Much of the southern half of Lancashire and its coast is heavily urbanised especially around the settlements adjoining Greater Manchester and the county's largest settlements of Preston, Blackburn, Lancaster, Blackpool and Burnley.
The towns of Nelson, Brierfield, Colne and Burnley form a large urban area which covers both the Burnley and Pendle Boroughs. Rawtenstall, Bacup, Accrington and Haslingden form an urban area which is almost contiguous with the nearby borough of Blackburn with Darwen and the Greater Manchester boroughs of Bolton, Bury and Rochdale. Parts of West Lancashire form part of the Wigan urban area (Wigan being also in Greater Manchester) which includes Skelmersdale. Central Lancashire forms an urban area around the city of Preston and the towns of Penwortham, Leyland and Chorley.
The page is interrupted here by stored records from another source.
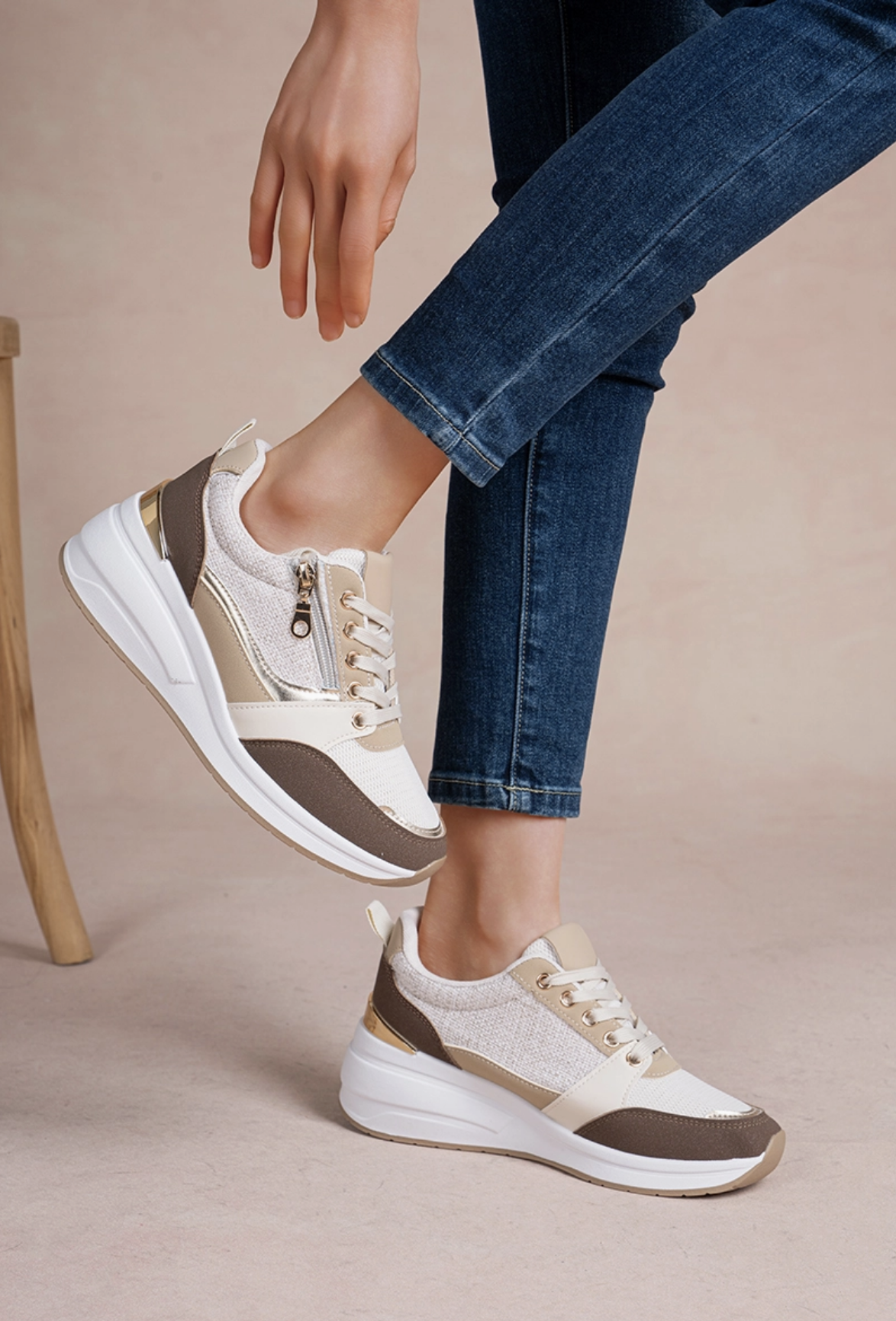 • Style : Urbain / Moderne • Matière extérieure : Mélange de similicuir, suédine et textile mesh respirant sur les côtés et l'avant • Doublure : Textile doux avec col de cheville contrasté blanc • Fermeture : Lacets plats assortis et fermeture éclair latérale décorative avec tirette dorée • Décorations : Finitions métallisées (dorées ou argentées selon le coloris) sur le zip, les œillets et le bout de la chaussure • Talon : Semelle plateforme sport d'environ 3,5 cm • Hauteur tige : Basse • Semelle : Semelle intermédiaire blanche épaisse et base extérieure crantée pour une meilleure adhérence • Disponibles en plusieurs coloris : Disponibles en plusieurs coloris
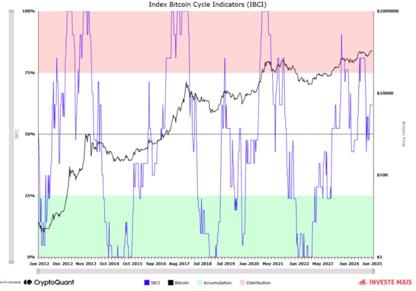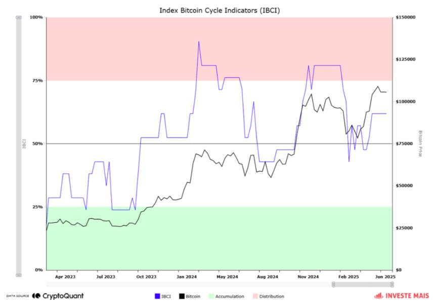 “After the strong upward movement between the end of 2023 and the first quarter of 2024 — when the IBCI reached the distribution region (above 75%) — the indicator went through a correction following the fall in the price of BTC,” the post continued.
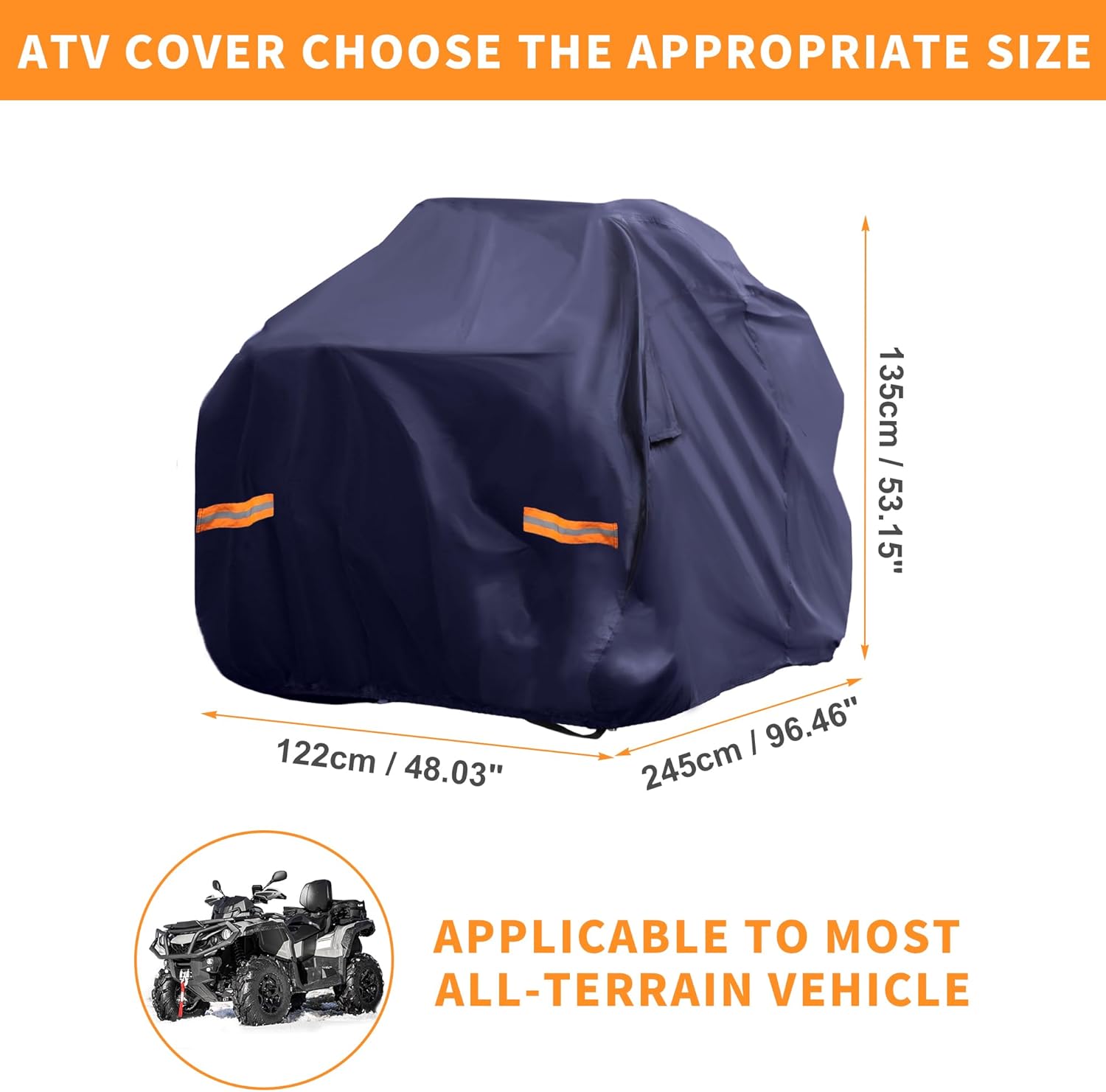- Full Protection: Our cover protects your ATV from dust, high temperature, fallen leaves, bird droppings and bad weather damaged. And it will not crack in cold weather, protecting the ATV from sun, rain and water damage. Whether it is placed outdoors or indoors, the four-wheeled vehicle can be kept clean and not easy to be harm.
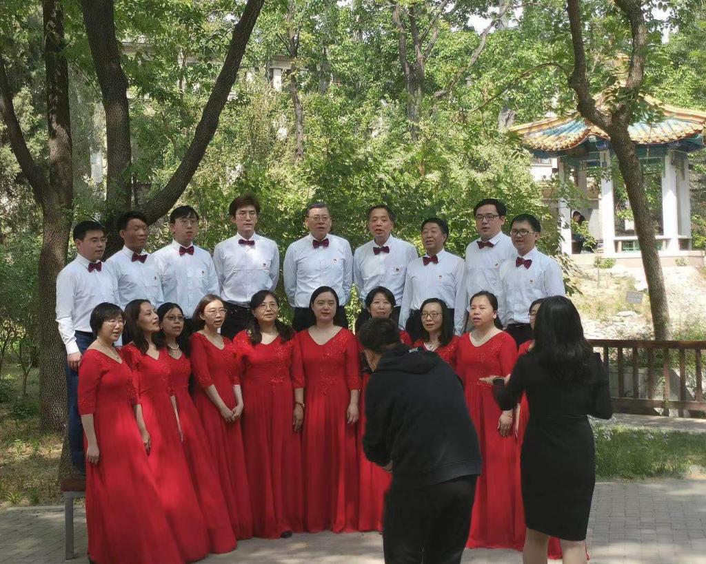 随后,老师们又在公司路校区各标志性建筑区域进行外景的排练与拍摄工作。各位老师们利用宝贵的午休时间,积极尝试各种队形和取景,收获了很多漂亮的镜头资料。最终,在专业人员的协助下,全部影音资料被剪辑成两段精彩的合唱视频,用于参加比赛。
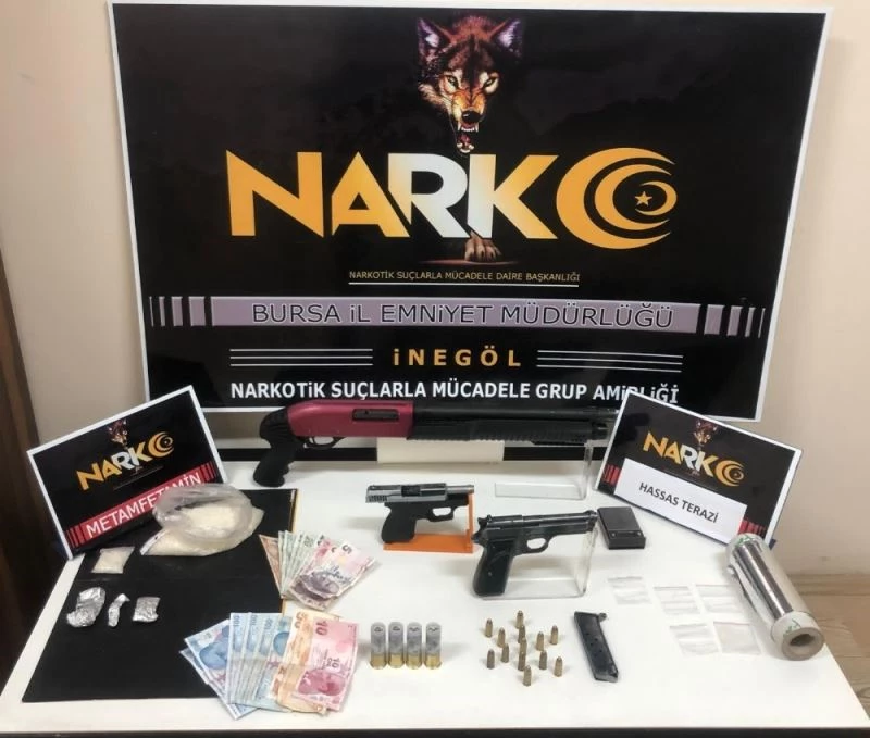 Edinilen bilgilere göre, İnegöl Narkotik Suçlarla Mücadele Grup Amirliği ekiplerince uyuşturucu madde ticareti yaptıkları belirlenen şahıslar takibe alındı. Düzenlenen operasyonda ekipleri fark eden şahıslar kaçmaya çalışırken yakalandı. Ekiplerin şahısların mesken tutukları yer ve araç içerisinde yapılan aramalarda; toplam 241,09 gram metamfetamin maddesi, 1 adet hassas terazi, uyuşturucu paketlemede kullanılan boş kilitli poşetler ve alüminyum folyolar, uyuşturucu ticaretinden kazanıldığı düşünülen 830 TL para, 2 adet ruhsatsız silah ve silaha ait 12 adet 9 mm mermi, 1 adet ruhsatsız pompalı tüfek ve tüfeğe ait 4 adet mermi ele geçirildi.

Lancaster forms an urban area with Heysham and Morecambe. 

Lancashire contains green belt interspersed throughout the county, covering much of the southern districts and towns throughout the Ribble Valley, West Lancashire, and The Fylde coastal plains to prevent convergence with the nearby Merseyside and Greater Manchester conurbations. Further pockets control the expansion of Lancaster, and surround the Blackpool urban area, as part of the western edge of the North West Green Belt. It was first drawn up in the 1950s. All the county's districts contain some portion of the belt, the portion by Burnley also abutting the Forest of Pendle Area of Outstanding Natural Beauty.

Settlements

The table below divides settlements by their district. Each district has an administrative centre; taking the largest town's name or the geographical area.

Notes:

Some settlements which were historically part of the county now fall under the counties of West Yorkshire, Cheshire, Merseyside, Greater Manchester and Cumbria:

Boundary changes before 1974 include:
Todmorden, split between Lancashire and Yorkshire then entirely to West Riding of Yorkshire in 1889
Mossley, split between Lancashire, Yorkshire and Cheshire then entirely to Lancashire in 1889
Stalybridge, entirely to Cheshire in 1889
Areas such as Wythenshawe and Latchford, former county boroughs of Manchester and Warrington both extended south of the Mersey into historic Cheshire
areas such as Reddish and the Heatons (Heaton Chapel, Heaton Mersey, Heaton Moor and Heaton Norris), former county borough of Stockport extended north into historic Lancashire.

Governance
They are three areas to have the name Lancashire: the smallest of these is the non-metropolitan county which has a county council and districts; the ceremonial county which includes the latter, Blackburn with Darwen and the Borough of Blackpool; the final area is the has the most area of the three and is the oldest.

Non-metropolitan

The non-metropolitan county is administered on a two-tier system. It is governed by the Lancashire County Council and twelve district councils. 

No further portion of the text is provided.